End effector calibration:
First, you have to define a good starting pose for the robot, such that e.g. a stereo camera setup mounted at the SDA10 torso can capture the whole calibration pattern, which is fixed onto the table (or onto a resilient plate). In particular, all four circle patterns must be completely visible in the left and right image. Save this starting pose of the robot to the Rosvita world view and move the robot to this posture before starting the tooltip calibration.
Now, with the Rosvita terminal go into your project folder and call the run_tooltip_calibration.py script from the auto_calibration package:
cd /home/xamla/Rosvita.Control/projects/<your_project_folder>
python3 ../../lua/auto_calibration/endEffectorCalibration_py/run_tooltip_calibration.py
The script will ask you to enter the filename (with path) of the stereo camera calibration (here, this is the stereo camera calibration of the SDA10 torso cameras). Next, it will ask you for the exposure time of the cameras, the robot arm with the end effector to be calibrated, and the hand-eye for the torso cameras (i.e. the file containing the transformation between the torso joint and the torso cameras; you may simply press ‘Enter’ here). After that, you have to move the robot to the starting pose (if not already done) and again press ‘Enter’.
With help of the four circle patterns, which have their origin at the elongation of the cross lines, the position of the cross lines can be determined in world coordinates. The pattern poses in camera and world coordinates, as well as the resulting position of the cross lines will be written into the terminal output.

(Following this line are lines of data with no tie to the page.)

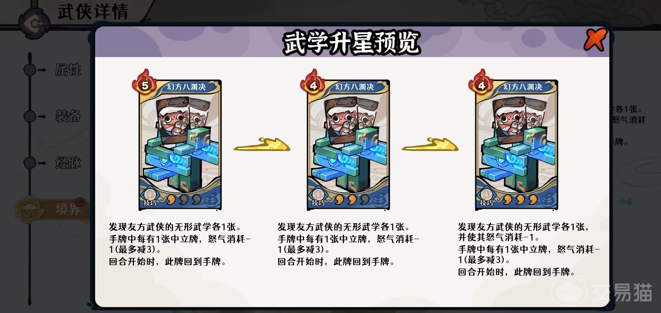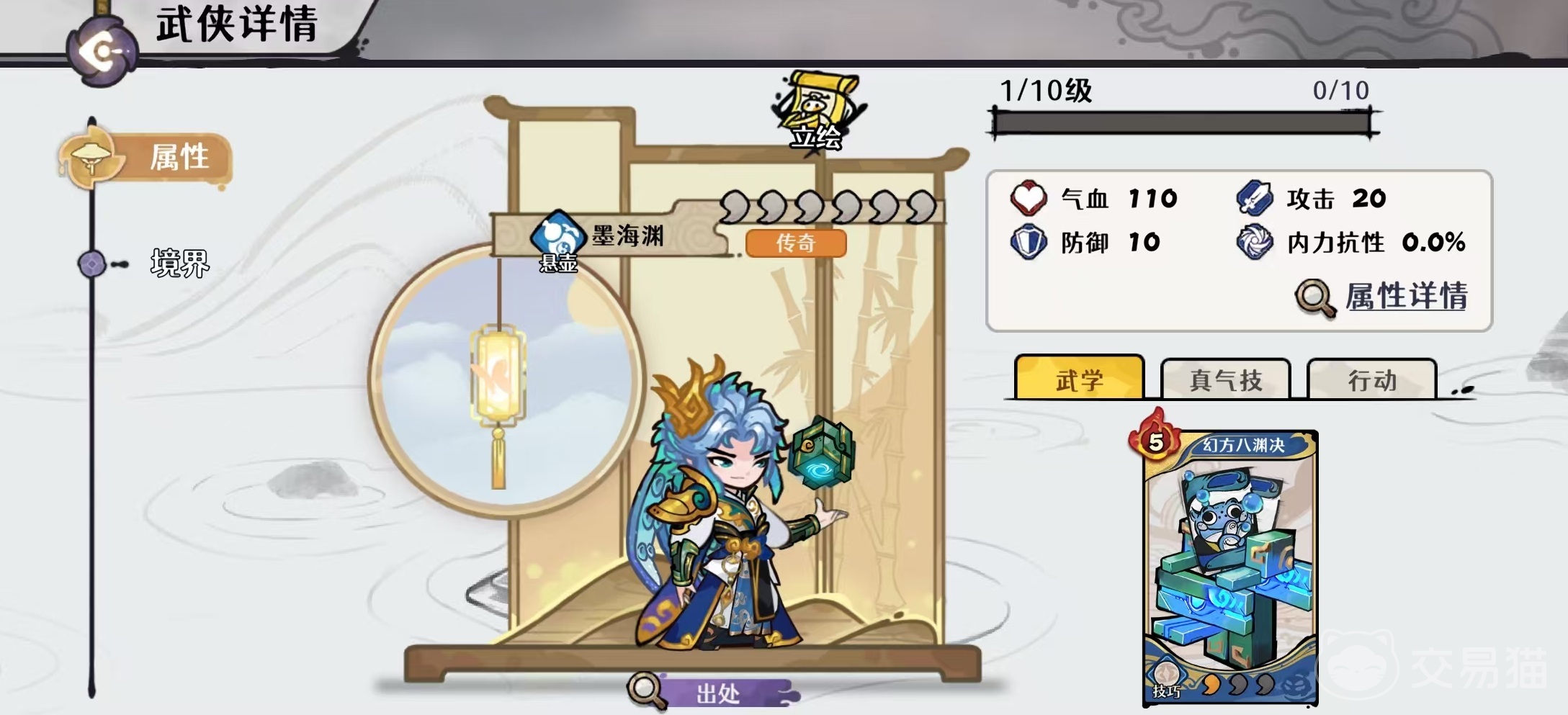 墨海渊定位为水系技巧流关键启动者,兼具治疗、增益、手牌调度与核心保护能力。其武学「幻方八渊决」可为友方武侠发现一张无形武学牌;若手牌中存在中立牌,该技能怒气消耗最多降低3点(每张中立牌减1点);且该牌于回合开始时自动返回手牌。真气技能在行动开始时恢复1点真气,并允许免消耗打出两张怒气需求>1的少年技巧牌;若实际打出数量不足,则额外尝试从卡组中发现两张无形的少年技巧牌;战斗开始时真气自动回满。二命后机制发生质变,整体循环稳定性与战术容错率大幅提升,在开荒推图与高难幻境副本中均表现优异。
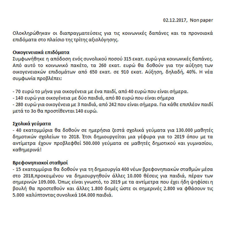 - 15 εκατομμύρια θα δοθούν για τη δημιουργία 400 νέων βρεφονηπιακών σταθμών μέσα στο 2018,προκειμένου να δημιουργηθούν άλλες 10.000 θέσεις για παιδιά, πέραν των σημερινών 109.000. Όπως είναι γνωστό, το 2019 με τα αντίμετρα που έχει ήδη ψηφίσει η βουλή θα προστεθούν και άλλες 1.800 δομές ώστε οι σημερινές 2.800 να φθάσουν τις 5.000 καλύπτοντας συνολικά 164.000 παιδιά. Διαβάστε το non paper της κυβέρνησης
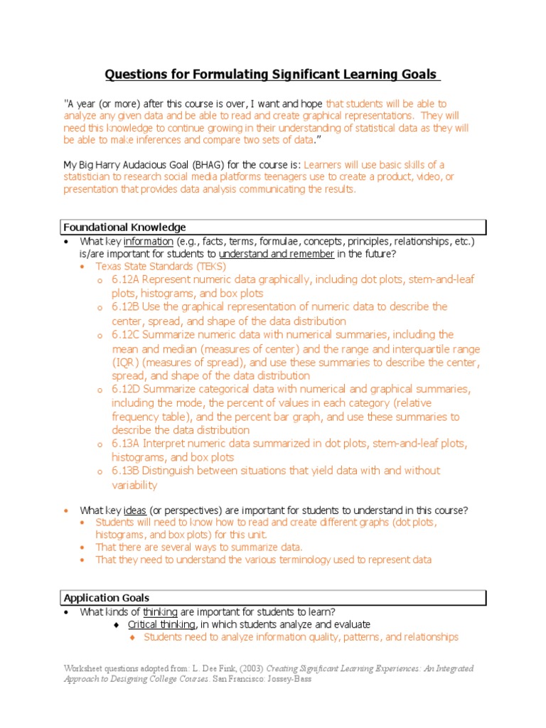 Worksheet 2 Questions For Formulating Significant Learning Goals Data Histogram Free 30 Day Trial Scribd Worksheet Art Year 2

Finally, you are asked to move the tooltip straight down to the cross lines. Make sure, that the tooltip points straight down, i.e. in direction of the table, and precisely touches the middle of the crosslines (see Fig. 15.2). Then confirm this by pressing ‘Enter’. Now, the pose of the tooltip is the same as the pose of the cross lines. With help of the known flange (TCP) coordinates the tooltip pose is transformed into flange coordinates and the result is written into the terminal output and saved as /tmp/calibration/storage_tooltipcalib/tooltip_pose_in_flange_coordinages.npy
.
To relocate the tool center point (TCP) from the flange position to a newly calculated end effector (tooltip) position in Rosvita, add a tcp_link to the file robotModel/main.xacro of your project folder. As origin xyz of your new tcp_link choose the translation vector of your calculated tcp<->end effector transformation (i.e. of your tooltip pose in flange coordinates). Then compile the main.xacro and adapt your robot configuration (i.e. the tip link of the move group and the parent link of the end effector). For more details see chapter Relocation of the “Tool Center Point (TCP)” or see the last terminal output when running the script.